In April, Oleg Deripaska, one of Russia’s wealthiest industrialists, wrote in a post on Telegram that Rosstat, the Russian statistics bureau, was misrepresenting the number of people living in poverty. “They’re trying to convince us that the number of Russians making less than the living wage is 17.8 million people, but in fact there are about 80 million people,” he said. If Deripaska was correct, that would mean about 55 percent of Russians are living on less than $160 per month. The post was quickly deleted.
But he was recently stating what my old neighbor knew: Russians really are having a hard time making ends meet. In Moscow, with its shopping malls, elegantly dressed population and boom of elite housing, it’s easy to miss.
It’s also not easy to see on paper. All the statistics looked to indicate that Russia weathered the Covid storm better than most countries. At the beginning of 2021, data showed that the economies of European countries contracted about 7.4 percent in 2020 and the world economy was down 3.5 percent, while Russia’s economy contracted by only about 3.1 percent. Analysts at Moscow’s Higher School of Economics noted cheerfully that this was the first time in history Russia did better than the world average. This appears to be in part because the segments of the economy hit hardest by the pandemic—service sectors—are relatively small in Russia. The price of oil, Russia’s main source of income, did plummet for a while, but then it began to edge up again. Today it’s nearly $70 a barrel, while the state budget is based on revenues of $42 per barrel.

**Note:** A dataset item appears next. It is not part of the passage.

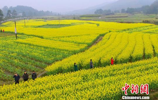 图为在油菜花田中行走的游客。 谭凯兴 摄

But on the micro level it’s a different story. Household incomes are down 3.5 percent in the past year, and this is a deeper dip in a downward trend: Households are making 11 percent less in real terms than in 2013. From Dec. 1 to March 17 the price of gas jumped 18.5 percent. Food prices have risen by nearly 8 percent from April 2020 to April 2021, and the government is paying 3 billion rubles (about $40 million) to subsidize the price of sugar. The government has even banned the export of buckwheat groats, a staple for Russian families in hard times, to keep the price affordable.
All of this implies that none of my retired friends can live on their monthly pensions of 12,000 rubles ($164) without working or getting help from their children and families. And it explains why all of us have been living paycheck to paycheck.
Against this background, it easy to understand why it’s the issue of corruption that spurred the protests. Two days after Alexei Navalny returned to Russia, his organization released a video on corruption in high places: a tour of “A Palace for Putin,” an enormous, ornate palace in the south of Russia that allegedly cost nearly $1.5 billion dollars to build. The film was watched more than 20 million times within the first 24 hours of its release, and more than 90 million views in the first week. This was the second of Navalny’s palace-for-leaders series; in 2017 he released a similar exposé of previous President Dmitry Medvedev’s country residence, complete with a duck pond and duck house.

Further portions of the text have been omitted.